For this exercise, reproduce only the lines from the one holding "Dibond - Bomen" through the final line of the data below, exactly, and omit pictures.

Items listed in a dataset
# # #

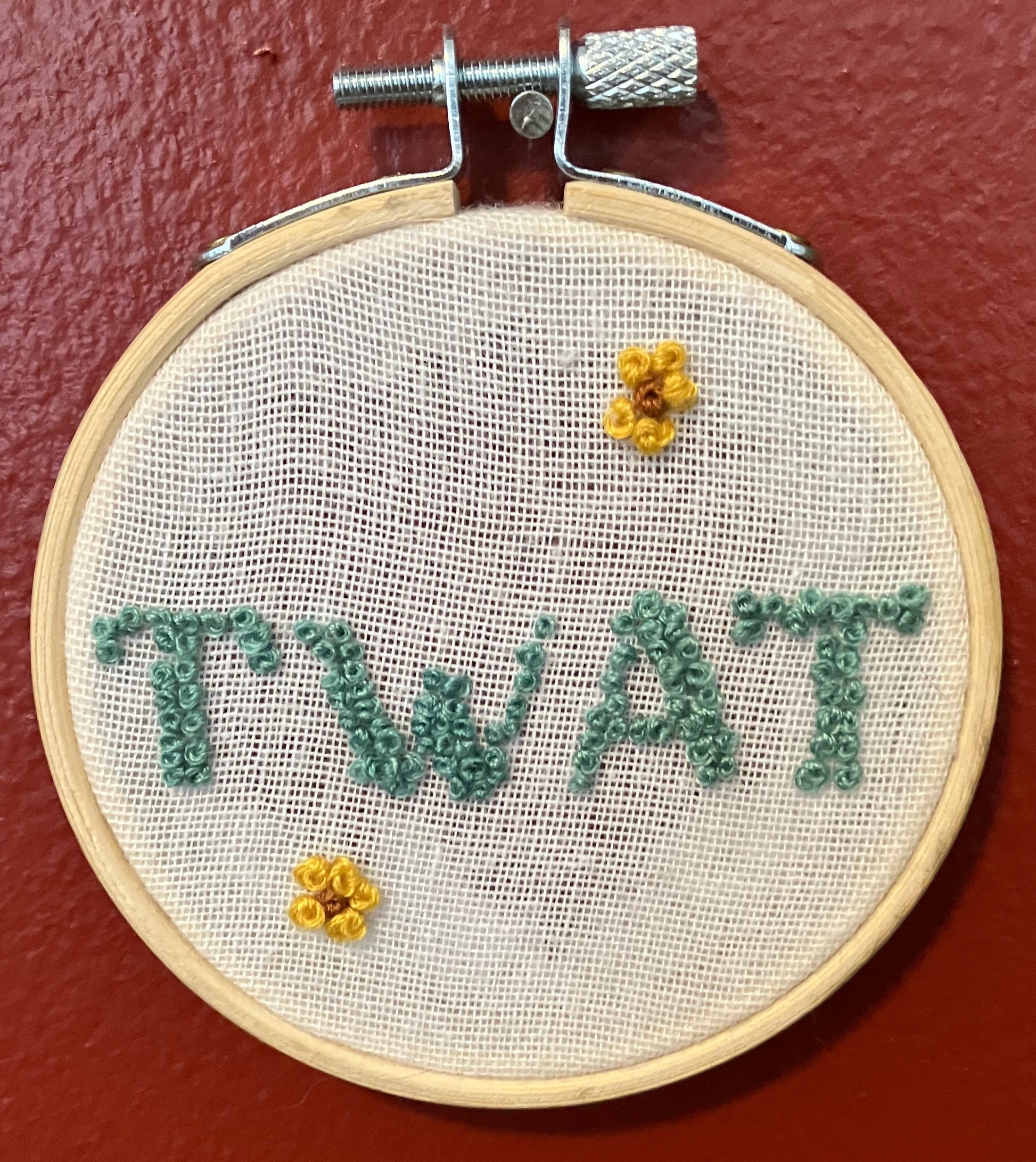 A 3 inch light brown wood embroidery hoop with white fabric stretched in it. In chunky pastel turquoise lettering it says "TWAT". It has two golden yellow flowers on the outside of the lettering.
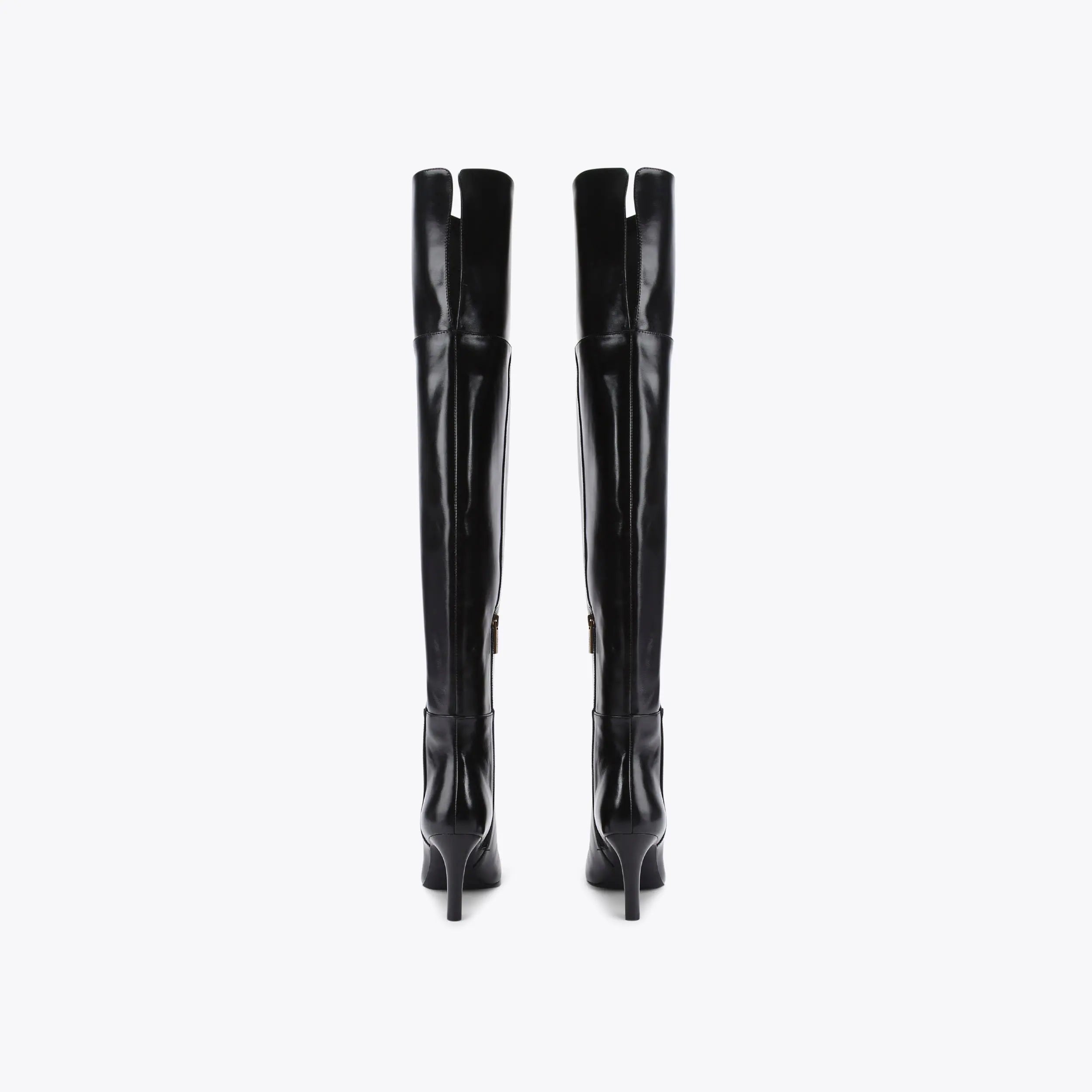 This Shoreditch Over The Knee boot features a black upper which reaches above the knee. There is a chic antiqued brass eagle head on the outer side of each boot.
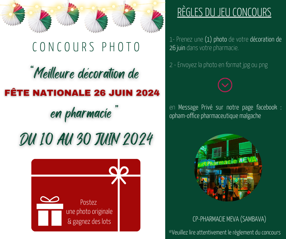 CONCOURS PHOTO DE LA MEILLEURE DECORATION DE FETE NATIONALE 26 JUIN 2024 EN PHARMACIE
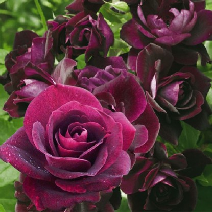 незвичайний колір троянди - густо-сливовий, майже пурпурний, а пелюстки оксамитової текстури, з білим очком в середині. Висота до 1.5м.
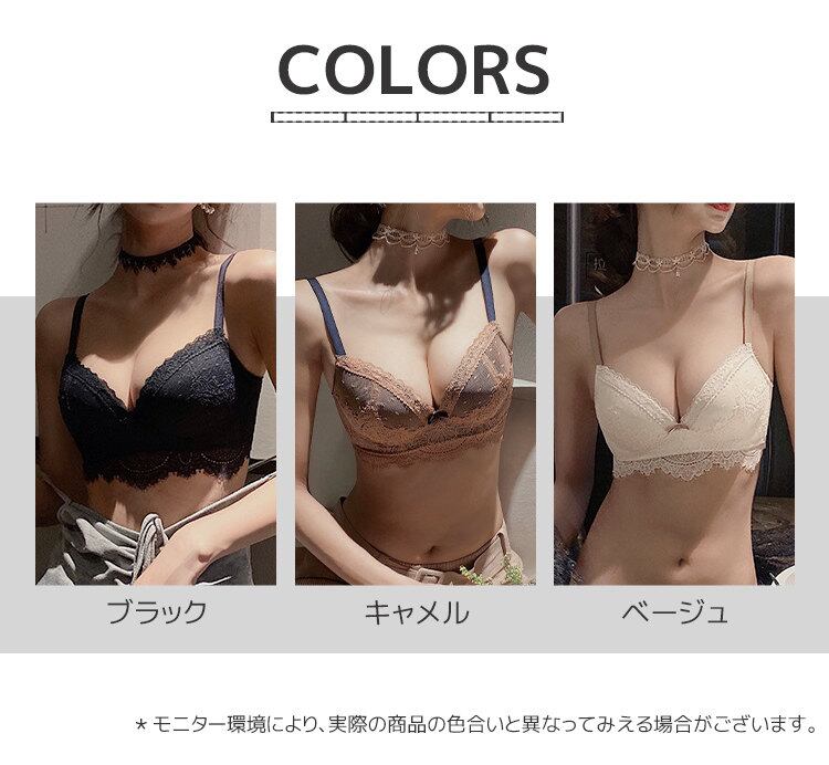 ブラ&ショーツ ノンワイヤー レース インナー 下着 ナイトウエア 豊富サイズ: AB32/70 AB34/75 AB36/80 AB38/85 カラー: ブラック キャメル ベージュ
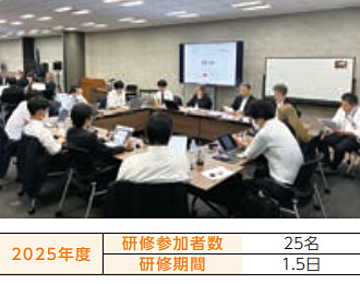 過去の建設工事発注量減少に伴う新卒採用見送り時期があった影響から研修参加対象者が少なくなり、ようやく昨年度から再開された当研修ですが、参加者も昨年の3名から9名に増え、今後さらに活躍の期待がかかる重要世代に対する有用な教育訓練機会として実施されました。参加人数が増えたことで、グループ討議メニューや社内外の講師とのディスカッションの密度も濃くなり、管理職としての視座と心構えを醸成する実のある研修となりました。今後はそれぞれの就業部署で管理職目線での業務遂行と適切な指導がなされていくものと期待されます。
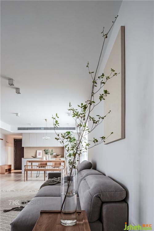 北歐風(fēng)情的灰色沙發(fā),沉穩(wěn)而低調(diào),搭配寓意帶來(lái)幸福的日本吊鐘,純凈白色的墻體,飽含生機(jī)而不失氣質(zhì),看一眼便能讓人內(nèi)心平和而舒適。
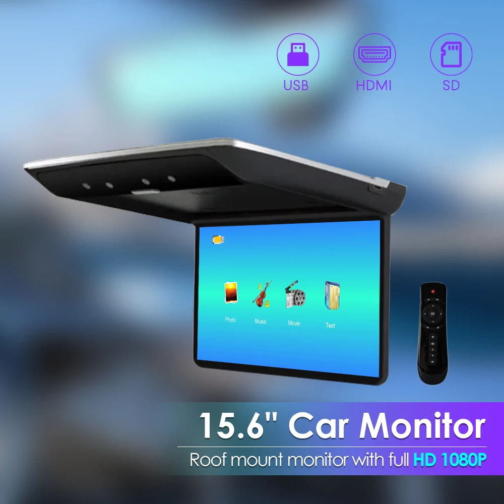 15.6 Inch Car Roof Monitor TV Flip Down 1080P Video HD Screen MP5 Player IPS Screen With 16-color Ambient Light USB SD HDMI FM
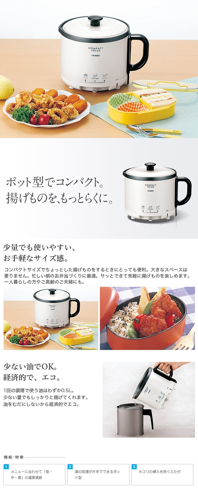 ツインバード(TWINBIRD)/コンパクトフライヤー (パールホワイト)/EP-4694PW|ポット型でコンパクト!揚げ物を、もっとらくに!忙しい朝のお弁当づくりに最適!サッとできて気軽に揚げものを
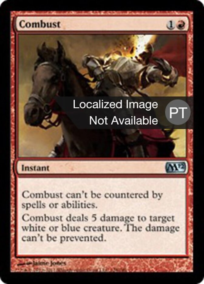 | Rules | This spell can't be countered. Combust deals 5 damage to target white or blue creature. The damage can't be prevented. |
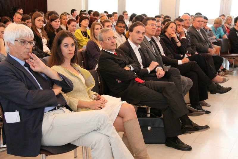 In die selbe Kerbe schlug auch Handelskammerpräsident Michl Ebner in Vertretung der 58.000 Unternehmen und tausend Genossenschaften. Schwung und geistige Spannkraft hätten die Schüler bzw. Mitarbeiter der Südtiroler Übungsfirmen bewiesen, die sich dieser anspruchsvollen Evaluation unterzogen und das begehrte Zertifikat „Qualitätsmarke Übungsfirma 2014" erhalten haben.
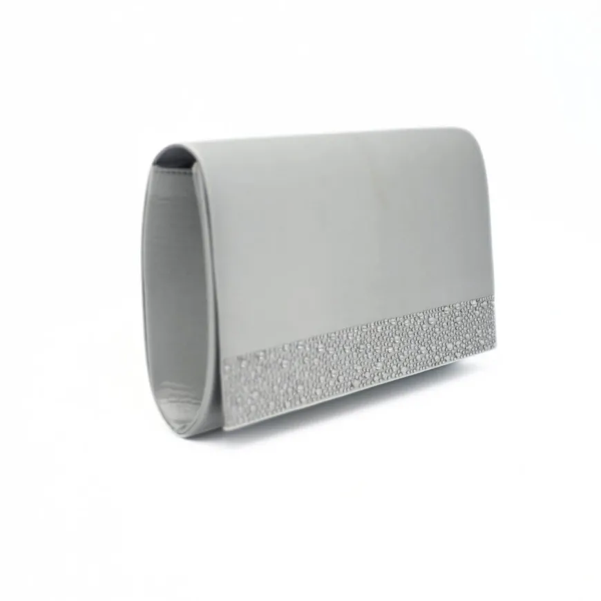 Pochette elegante da donna di MELLUSO realizzata in raso argento con strass. Interno unico scomparto. Chiusura con bottone a calamita. Tracollina in catena.
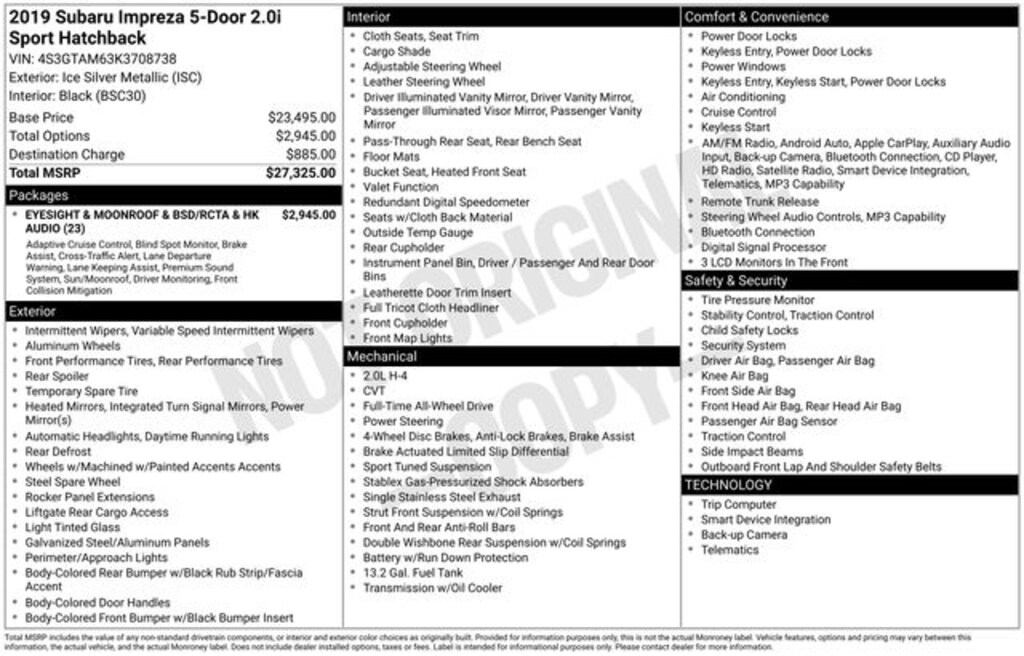 2019 Subaru Impreza 2.0i Sport Ice Silver Metallic 18" Alloy Wheels, 6 Speakers, Blind Spot Detection (BSD), Emergency communication system, Exterior Parking Camera Rear, EyeSight & Moonroof & BSD/RCTA & HK Audio, EyeSight System, Fully automatic headlights, harman/kardon Amplifier & Speakers, Heated door mirrors, Heated Front Bucket Seats, Power door mirrors, Power Moonroof, Radio: Subaru STARLINK 8.0" Multimedia Plus System, Rear Cross Traffic Alert (RCTA), Remote keyless entry, Speed control, Split folding rear seat, Sport Fabric Upholstery, STARLINK/Apple CarPlay/Android Auto, Steering wheel mounted audio controls, Telescoping steering wheel, Tilt steering wheel, Turn signal indicator mirrors. CARFAX One-Owner. Clean CARFAX. Odometer is 68060 miles below market average!
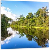 Dibond - Bomen langs Heldere Rivier - 100x100cm Foto op Aluminium (Wanddecoratie van metaal)
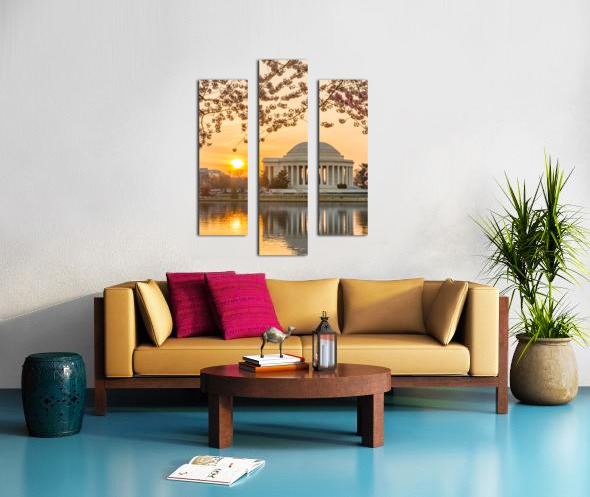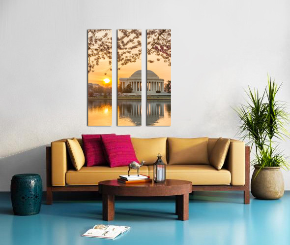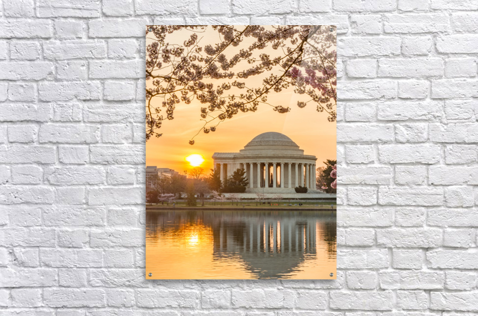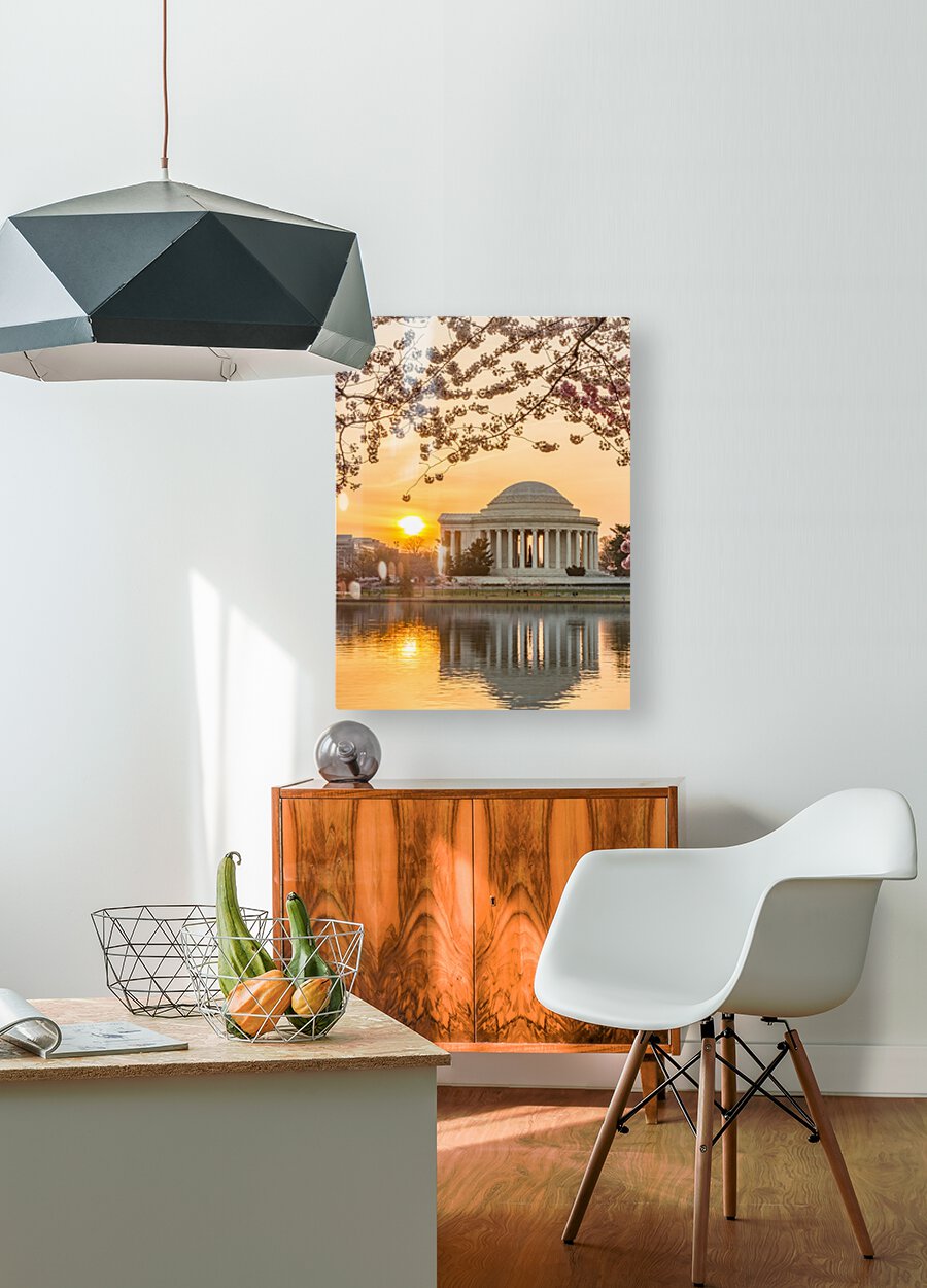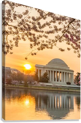 Premium high-resolution wall art print featuring Jefferson Memorial at dawn by Tidal Basin and surrounded by pink Japanese Cherry blossoms with the monument lit by the rising sun at dawn

# # #

Expected answer:
 Dibond - Bomen langs Heldere Rivier - 100x100cm Foto op Aluminium (Wanddecoratie van metaal)
 Premium high-resolution wall art print featuring Jefferson Memorial at dawn by Tidal Basin and surrounded by pink Japanese Cherry blossoms with the monument lit by the rising sun at dawn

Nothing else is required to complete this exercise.